◆ ABOUT THIS EXERCISE
Transcribe all of the entries below exactly. Leave out the pictures.

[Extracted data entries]
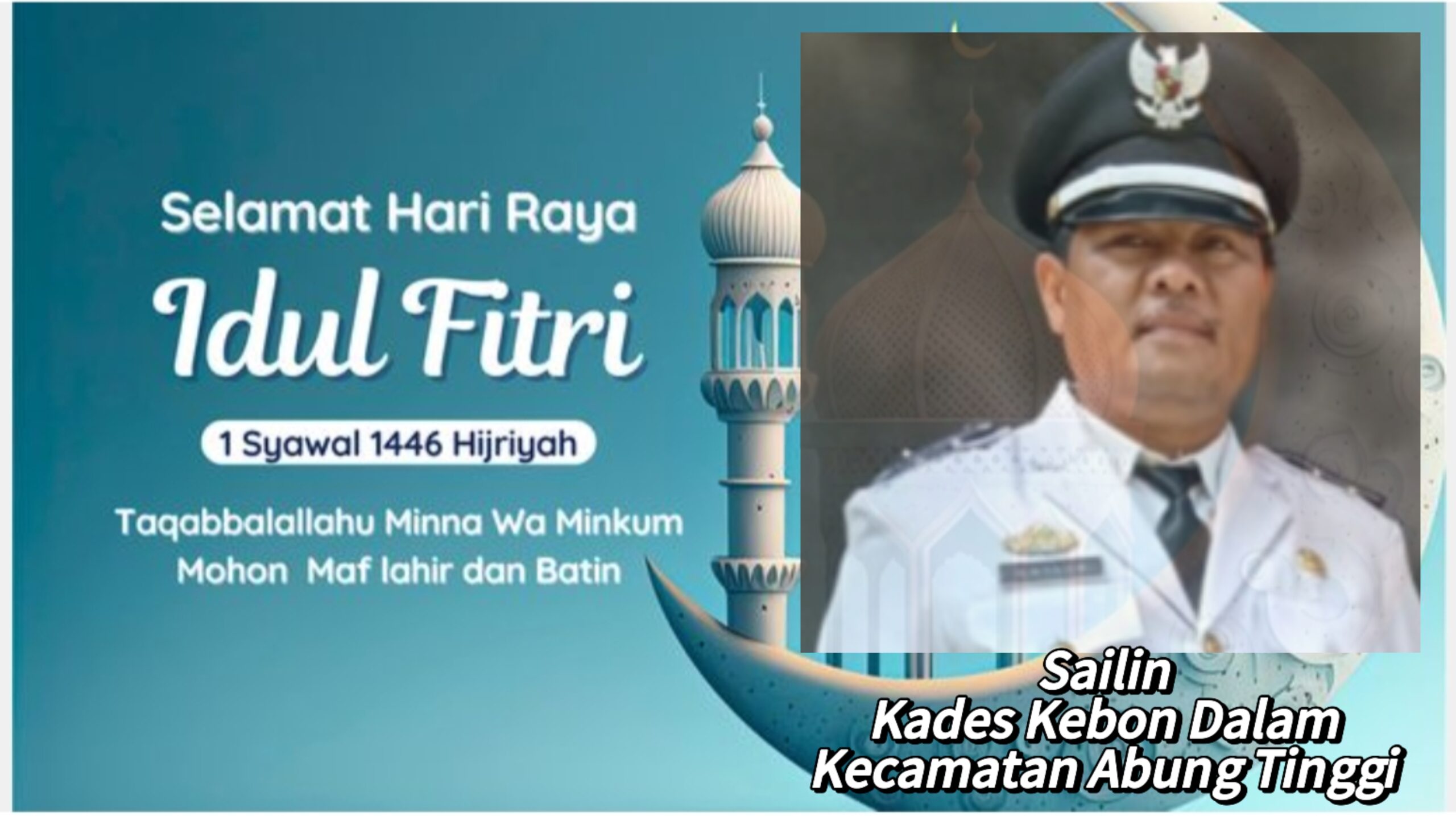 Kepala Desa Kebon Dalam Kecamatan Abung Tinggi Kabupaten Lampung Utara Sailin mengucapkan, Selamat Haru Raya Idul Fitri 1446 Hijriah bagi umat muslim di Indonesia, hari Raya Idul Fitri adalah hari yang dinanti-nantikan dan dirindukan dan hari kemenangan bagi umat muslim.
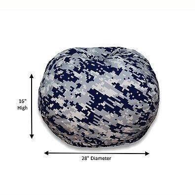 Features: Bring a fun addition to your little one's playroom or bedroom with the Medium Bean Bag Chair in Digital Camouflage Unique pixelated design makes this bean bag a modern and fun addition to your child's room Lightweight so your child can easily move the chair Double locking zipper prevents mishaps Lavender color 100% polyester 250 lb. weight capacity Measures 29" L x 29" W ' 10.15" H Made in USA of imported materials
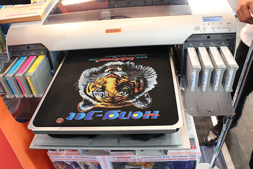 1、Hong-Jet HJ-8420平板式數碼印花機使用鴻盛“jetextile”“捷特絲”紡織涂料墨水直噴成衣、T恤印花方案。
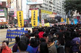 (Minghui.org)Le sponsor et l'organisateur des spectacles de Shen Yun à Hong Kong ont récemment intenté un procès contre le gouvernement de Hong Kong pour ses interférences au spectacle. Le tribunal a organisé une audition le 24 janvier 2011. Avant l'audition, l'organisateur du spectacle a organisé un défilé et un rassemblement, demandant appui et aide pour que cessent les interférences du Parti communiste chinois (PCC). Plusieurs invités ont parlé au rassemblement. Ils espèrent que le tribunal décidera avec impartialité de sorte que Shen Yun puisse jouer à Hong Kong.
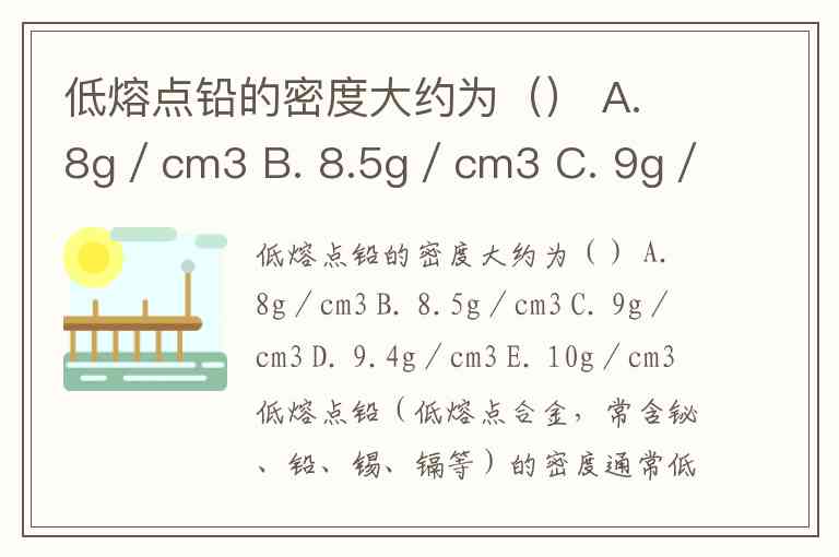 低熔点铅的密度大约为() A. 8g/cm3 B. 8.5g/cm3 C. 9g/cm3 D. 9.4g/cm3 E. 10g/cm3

◆ COMPLETED TASK
 Kepala Desa Kebon Dalam Kecamatan Abung Tinggi Kabupaten Lampung Utara Sailin mengucapkan, Selamat Haru Raya Idul Fitri 1446 Hijriah bagi umat muslim di Indonesia, hari Raya Idul Fitri adalah hari yang dinanti-nantikan dan dirindukan dan hari kemenangan bagi umat muslim.
 Features: Bring a fun addition to your little one's playroom or bedroom with the Medium Bean Bag Chair in Digital Camouflage Unique pixelated design makes this bean bag a modern and fun addition to your child's room Lightweight so your child can easily move the chair Double locking zipper prevents mishaps Lavender color 100% polyester 250 lb. weight capacity Measures 29" L x 29" W ' 10.15" H Made in USA of imported materials
 1、Hong-Jet HJ-8420平板式數碼印花機使用鴻盛“jetextile”“捷特絲”紡織涂料墨水直噴成衣、T恤印花方案。
 (Minghui.org)Le sponsor et l'organisateur des spectacles de Shen Yun à Hong Kong ont récemment intenté un procès contre le gouvernement de Hong Kong pour ses interférences au spectacle. Le tribunal a organisé une audition le 24 janvier 2011. Avant l'audition, l'organisateur du spectacle a organisé un défilé et un rassemblement, demandant appui et aide pour que cessent les interférences du Parti communiste chinois (PCC). Plusieurs invités ont parlé au rassemblement. Ils espèrent que le tribunal décidera avec impartialité de sorte que Shen Yun puisse jouer à Hong Kong.
 低熔点铅的密度大约为() A. 8g/cm3 B. 8.5g/cm3 C. 9g/cm3 D. 9.4g/cm3 E. 10g/cm3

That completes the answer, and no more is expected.